A Guide to Running AMBER at SDSC
(DATASTAR)



This page provides an end user guide to running the AMBER molecular dynamics simulation software on the various High Performance Computing (HPC) resources available at San Diego Supercomputer Center (SDSC).

Running on SDSC's DATASTAR Machine

DataStar has 272 (8-way) P655+ and 7 (32-way) P690 compute nodes. The 1.5 GHz 8-way nodes (176 in number) have 16 GB, the 1.7 GHz 8-way nodes (96 in number) have 32 GB, while the 32-way nodes have 128 GB of memory. There is also one 32-way node with 256 GB of memory for applications requiring unusually large memory space. DataStar has a nominal theoretical peak performance of 15.6 TFlops.

For the latest news on allocations, queues, resources etc please see the Datastar Documentation.
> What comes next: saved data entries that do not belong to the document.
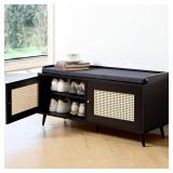 42" Round Dining Table for 4, Farmhouse Kitchen Table with Storage, Space Saving Circle Dinner Table, Rustic Wood Kitchen & Dining Room Tables with Metal Legs for Kitchen, Living Room, Dining Room
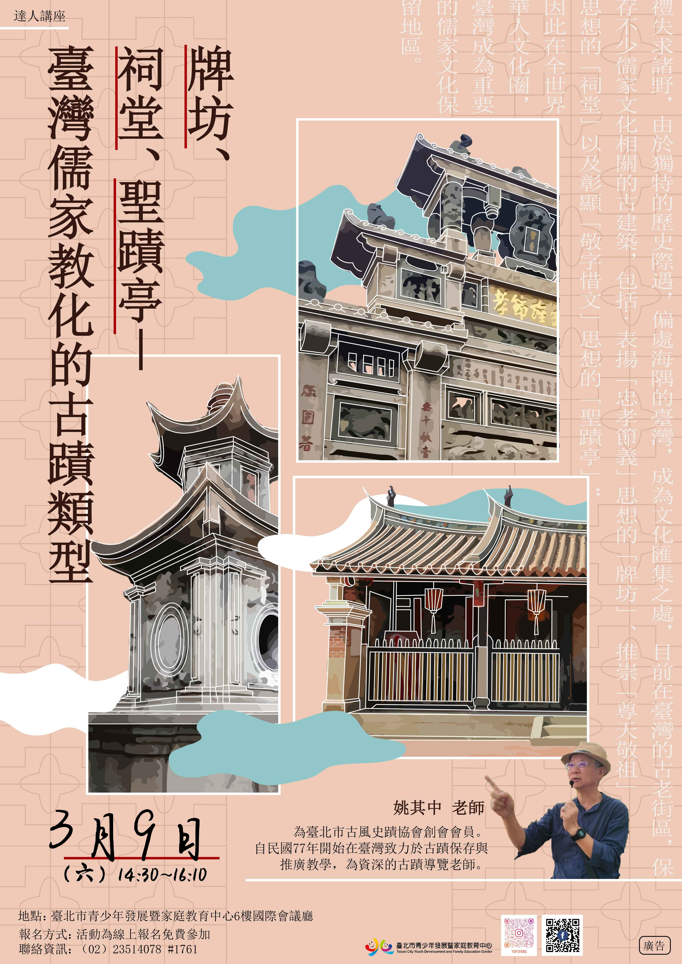 臺北市青少年發展暨家庭教育中心3月9日14:30舉 辦壯遊達人開講「牌坊、祠堂、聖蹟亭—臺灣儒家教化 的古蹟類型」,姚其中老師領讀臺灣古蹟之美,提昇青 年學子對臺灣古建築的欣賞能力。活動免費,詳見青發 家教中心官網。
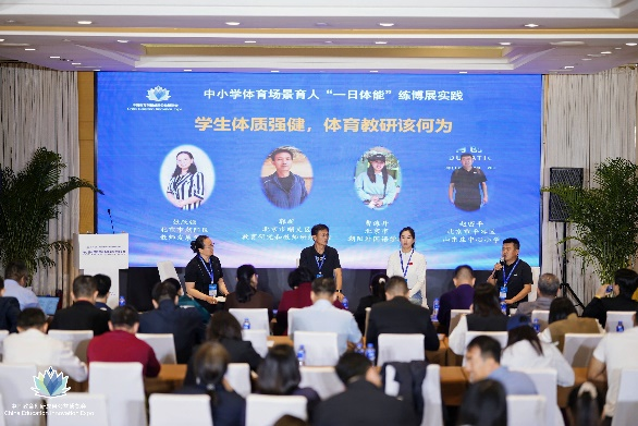朝阳区体育教研员刘萌领衔通州区体质强健专题班体育教师,做了课后服务体能挑战+家庭体能作业的学练展汇报,并现场以自重类、负重类、支撑类、对抗类为主的动作展示了伙伴协同练习。专题班学员丰台区成寿寺小学牛春燕副校长,做了小课间微运动+大课间体能健康操的政策与问题导向、案例开发理念与思路、实践实效的分享,并指引参会人员进行了轻松愉悦的会间微运动。体育强心游戏开发教师通州区龙旺庄小学孙泽、育英学校密云实验小学张立民老师,分别汇报了全员班赛和酣畅玩耍案例开发的理念、实践、动作体验和心理感受等实效。论坛在“学生体质强健,体育教研可何为”主题沙龙中圆满落幕。本次沙龙由体育特级教师工作室学员张跃强主持,特邀教研员、体育教研组长及区域师训代表三方嘉宾,分别从“教研融入跟进”、“学校整校推进”和“区域师训赋能”等关键维度,共探体育教研助力学生体质强健的实践路径与未来方向。
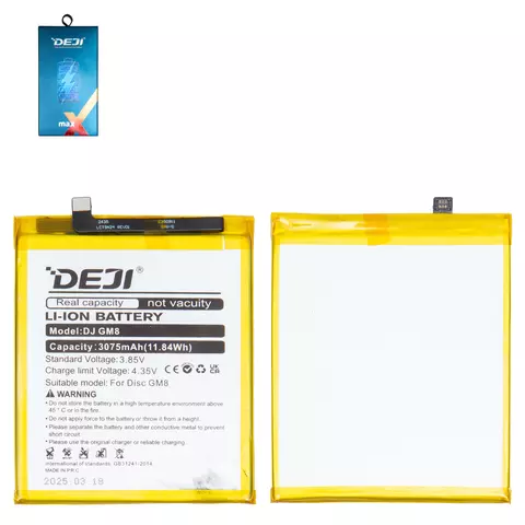 Batería Deji G005 puede usarse con General Mobile GM 8, Li-ion, 3.85 V, 3075 mAh
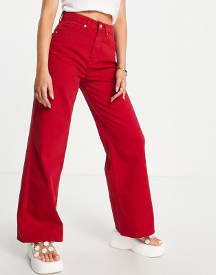 DTT – Jeans in Rot mit hohem Bund und weitem Bein
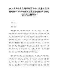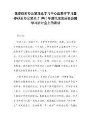 在市政府办公室理论学习中心组集体学习暨市政府办公室班子2025年度民主生活会会前学习研讨会上的讲话同志们:现在开会。根据中央、省委和市委的统一部署,以及市政府党组的具体安排,今天我们召开市政府办公室理论学习中心组集体学习暨办公室班子2025年度民主生活会会前学习研讨会。这次会议的主要任务是:聚焦民主生活会主题通过深入系统的学习研讨,进一步统一思想、深化认识、打牢基础,为高标准、高质量开好市政府办公室班子2025年度民主生活会做好充分的思想准备和工作准备。开好年度民主生活会,是党内政治生活的一项重要内容,是检验主题教育成果、加强班子自身建设、推进自我革命的关键举措。高质量的会议,首先源于高质量的学习。只有学习深入到位,认识才能深刻透彻,查摆问题才能精准聚焦,批评与自我批评才能有的放矢,整改落实...
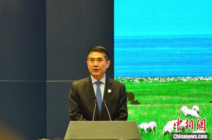 图为中共青海省委书记、省人大常委会主任王建军26日在外交部青海全球推介活动上致辞。 鲁丹阳 摄
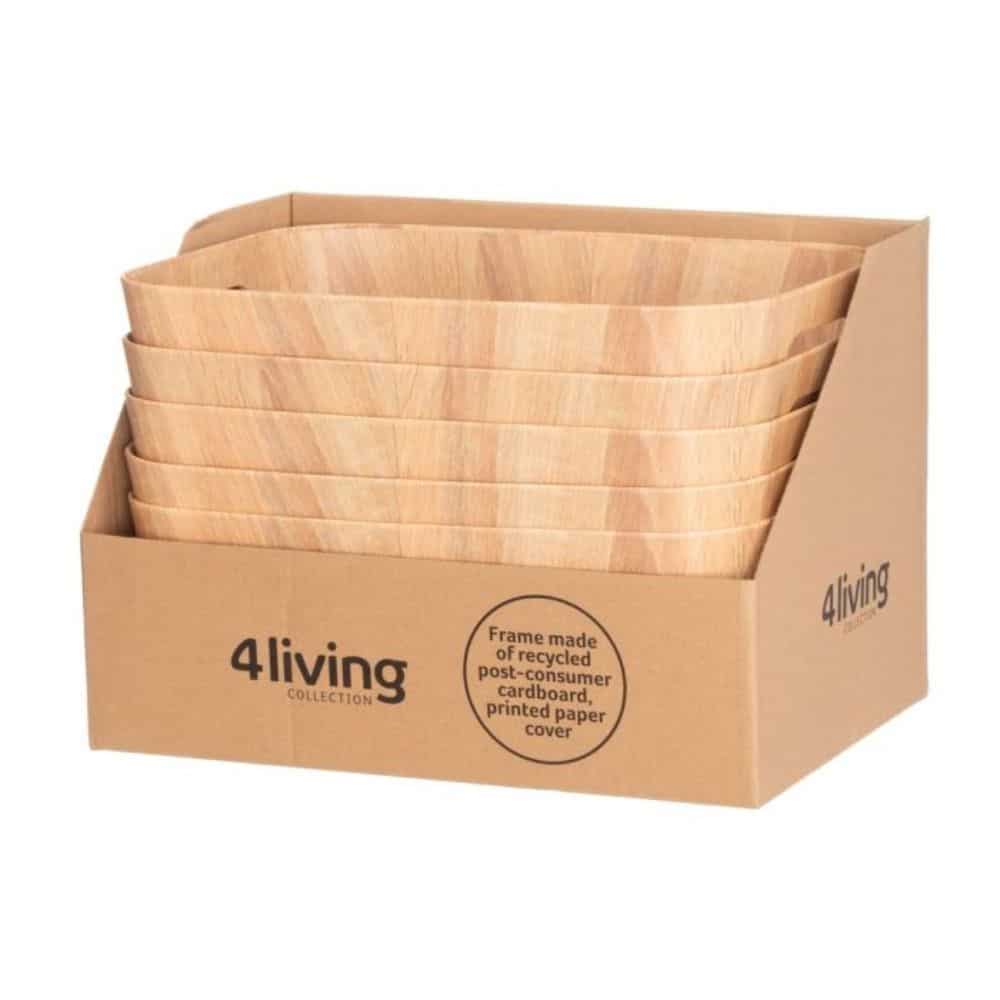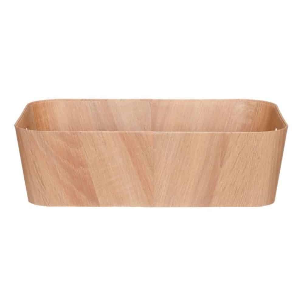 Monikäyttöinen säilytyslaatikko auttaa pitämään ympäristösi järjestyksessä tyylikkäästi, olipa kyseessä sitten koti tai toimisto. Pinta on puukuvioitua paperia ja runko on valmistettu kuluttajilta kerätystä kierrätyskartongista.
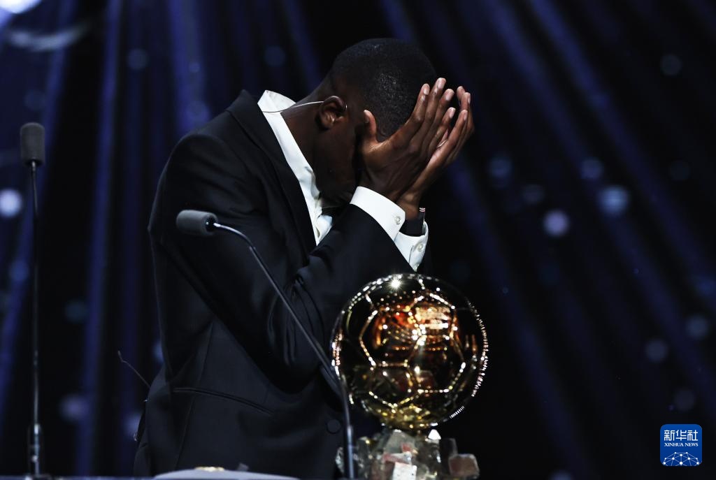 9月22日,巴黎圣日耳曼隊法國球員登貝萊在頒獎儀式上親吻獎杯。他獲頒男足金球獎。

If you have any specific questions relating to running AMBER at SDSC please contact consulting@sdsc.edu. General questions concerning AMBER should be directed to the AMBER mailing list (amber@scripps.edu).

Amber 9 Installation / Available Codes
The recommended version of AMBER to run on Datastar is AMBER 9.

AMBER 9 is installed in /usr/local/apps/amber9

In here you will find an exe directory containing the executables and a dat directory containing the force field files. The main files that you will need to use on Datastar are as follows:
 

Executable (aliases) Description
pmemd.MPI (pmemd) Recommended executable for running Molecular Dynamics simulations in parallel on the Datastar architecture. Supports Particle Mesh Ewald (PME) and Generalized Born (GB) simulations.
pmemd.1cpu Serial version of pmemd.MPI executable, use for single cpu runs.
sander.MPI (sander) Dynamics engine similar to PMEMD but supports many more options. If you plan to run a simulation type that is not supported by pmemd then you should use this executable (e.g. QM/MM). Note: Parallel scaling will not be as efficient as pmemd. Test the performance for your chosen simulation before submitting long jobs.
sander.1cpu Serial version of sander.MPI executable, use for single cpu runs.
sander.PIMD.MPI (sander.PIMD) Supports Path Integral MD simulations and Nudged Elastic Band Simulations. Parallel version.
sander.PIMD.1cpu Serial version of sander.PIMD.MPI executable, use for single cpu runs.
sander.LES.MPI (sander.LES) Supports Locally Enhanced Sampling (LES) MD. Parallel version.
sander.LES.1cpu Serial version of sander.LES.MPI executable, use for single cpu runs.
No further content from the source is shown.